After we had downed the coffee, we made our way to the main encampment in Adre and the local hospital. Nothing had prepared me for what we found there. 

There were hundreds of patients, with gunshot wounds, burns, and multiple fractures.  And hundreds more kept streaming through the border – so many that new tents had been set up around the hospital? to accommodate them. In one tent there was a group of women and babies. All with gunshot wounds. Who shoots a child? A 9-month-old baby? 

Most of them were waiting for surgery. But there was a shortage of surgeons, and medical equipment. Many wounds were turning septic. People were crying in pain. The children especially. One of the young women in the tent was called Mamou. She was lying on her stomach, a bullet lodged in her lower back.

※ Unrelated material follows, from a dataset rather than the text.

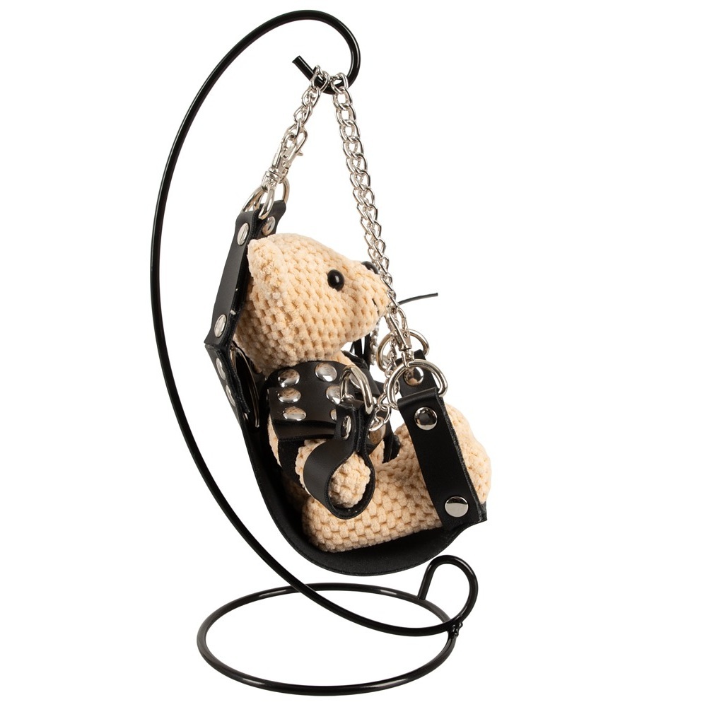 This small, tame SM Teddy with Swing from Bad Kitty is in a crocheted look and is very soft to the touch as well. It is in a typical SM look with a harness, restraints and mini flogger, which are all made out of black imitation leather. There is a keyring chain on its head. The small realistic seat is simply hooked into the mini sex swing’s metal frame – then Teddy can take a seat…

As we debated where to put the microphone and the right angle to place the camera, a nurse called me aside.  She said quietly that the young lady was paralyzed from the waist down and the doctors had not yet told her this. That she may never be able to use the lower part of her body again. My heart broke. 

Before we left, we went back to the Sheikh’s house/tent. This time, a tray of food was placed in front of us – some cooked maize and millet, and vegetable gravy in a large bowl. The food wasn’t a lot, he said – but he insisted we must join the family in the meal.  He wouldn’t take ‘no’ for an answer.

We took a coffee with him as well, one last time. 

At the end of the week, as we headed back to Chad’s capital N’djamena – with eleven people crammed into a low-flying aircraft- all I could think about was the generosity shown to us by the refugees we had met. At the camp, many of them seeing how hot we were, had offered us water. The Sheikh, with the food and coffee. They had barely enough to get by, yet – unreservedly and with no expectation of anything in return – they had offered these to us, complete strangers. 

Why, do those who have less, give more?